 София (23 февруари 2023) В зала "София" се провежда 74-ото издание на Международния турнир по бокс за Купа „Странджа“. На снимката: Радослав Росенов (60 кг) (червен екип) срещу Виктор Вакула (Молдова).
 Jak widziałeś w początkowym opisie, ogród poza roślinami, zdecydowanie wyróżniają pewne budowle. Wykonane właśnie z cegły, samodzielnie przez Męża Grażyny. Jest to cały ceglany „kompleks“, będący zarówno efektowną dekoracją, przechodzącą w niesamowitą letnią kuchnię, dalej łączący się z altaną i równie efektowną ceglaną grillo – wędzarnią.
┄┄┄┄┄┄
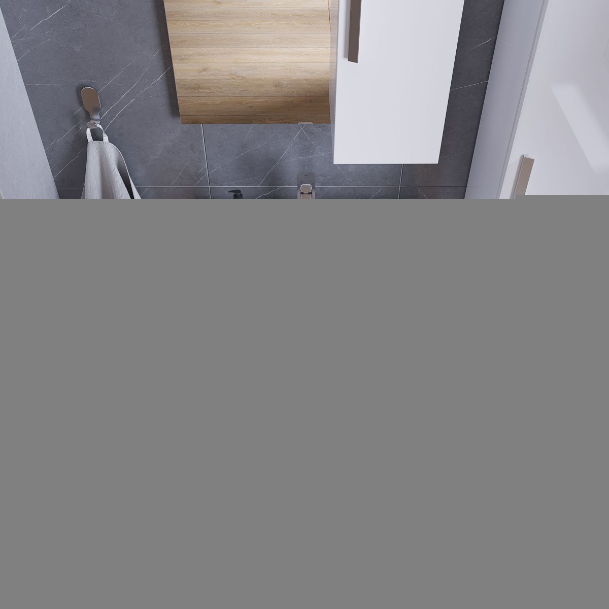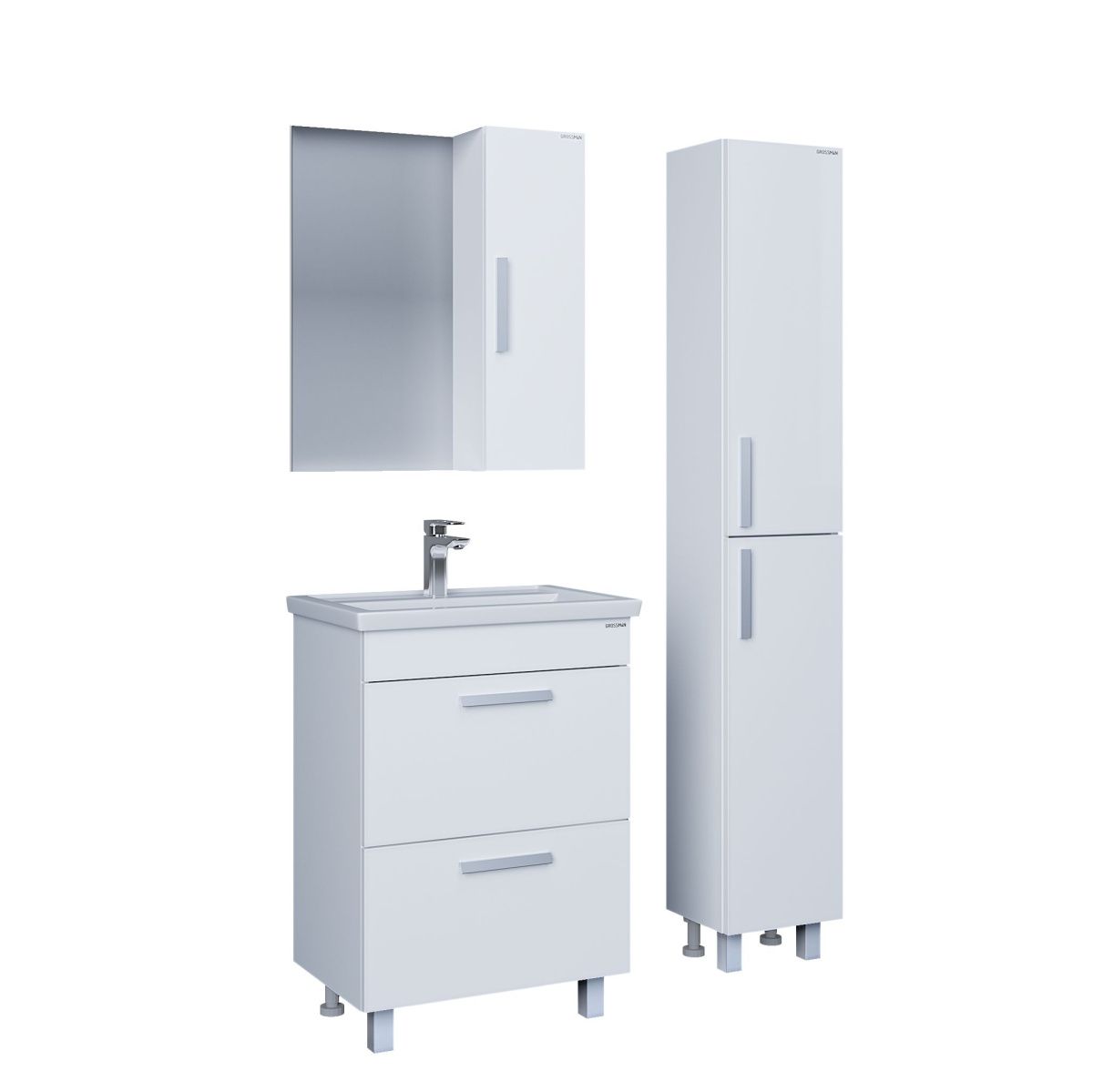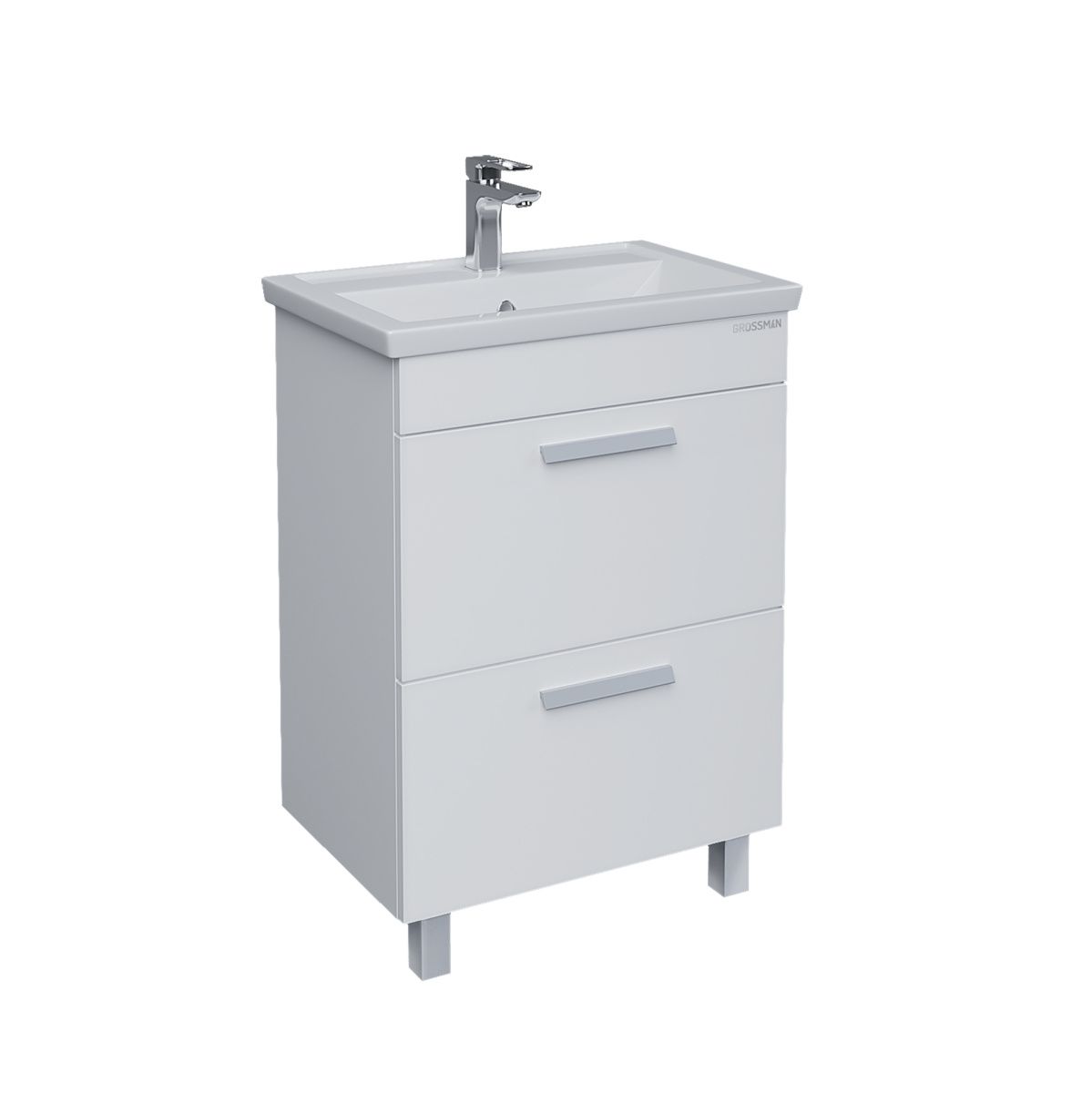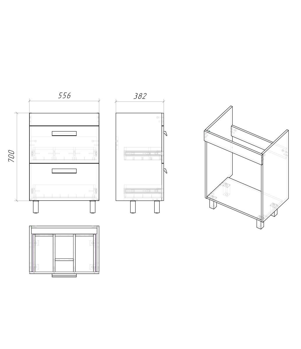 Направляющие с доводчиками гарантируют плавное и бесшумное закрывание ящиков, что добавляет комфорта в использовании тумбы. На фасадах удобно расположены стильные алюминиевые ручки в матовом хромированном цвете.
┄┄┄┄┄┄
Send back exactly the lines of the listing above starting at the one with "София (23 февруари" and ending at the one with "Jak widziałeś w", inclusive, and no others.

# WRITTEN SOLUTION:
 София (23 февруари 2023) В зала "София" се провежда 74-ото издание на Международния турнир по бокс за Купа „Странджа“. На снимката: Радослав Росенов (60 кг) (червен екип) срещу Виктор Вакула (Молдова).
 Jak widziałeś w początkowym opisie, ogród poza roślinami, zdecydowanie wyróżniają pewne budowle. Wykonane właśnie z cegły, samodzielnie przez Męża Grażyny. Jest to cały ceglany „kompleks“, będący zarówno efektowną dekoracją, przechodzącą w niesamowitą letnią kuchnię, dalej łączący się z altaną i równie efektowną ceglaną grillo – wędzarnią.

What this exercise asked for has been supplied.